- Born: New York
- Occupation: Actress

= Vicky Harris =

Greek actress

Vicky Harris (Βίκυ Χάρρις) is a Greek and American actress, voice-over artist, writer and translator. In film, she is most notable for her roles in See You in Hell, My Darling and The Zero Years by Nikos Nikolaidis.

==Life and career==
Harris was born in New York and raised in the United States, living between New York City, Boston, Los Angeles, Athens, Greece and Paris, France. She initially aspired to become a writer and while having been granted a four-year scholarship from Boston University, she began her studies in English Literature before developing a career in acting. She then went on to collaborate with some of Greece's most prominent directors, most notably starring in Nikos Nikolaidis' critically acclaimed films See You in Hell, My Darling and The Zero Years for which Variety writes: "Harris dominates with her poised playing: When she's off-screen in the latter stages, the temperature dips."
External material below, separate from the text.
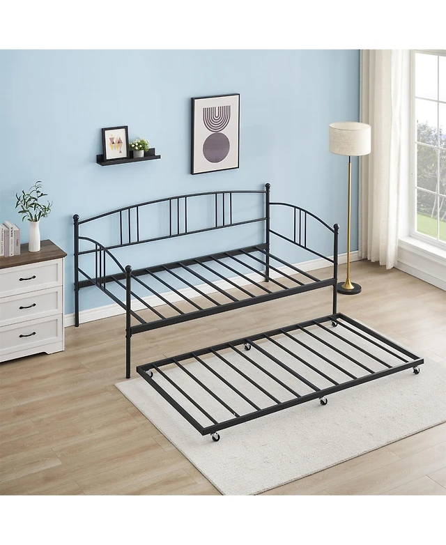 gaomon Twin Daybed with Trundle Metal Guest Sofa Bed Frame , Heavy Duty Slats

Known also for her voice-over work in both English and Greek, she has voiced countless commercials, narrations and audio books. Her major credits include dubbing Irène Jacob in English for Theo Angelopoulos' The Dust of Time, providing the Greek voice for both The Other Goose and Tourist in the film Rio (2011), and playing the characters of Bloody Mary and University student in the video game Conspiracies.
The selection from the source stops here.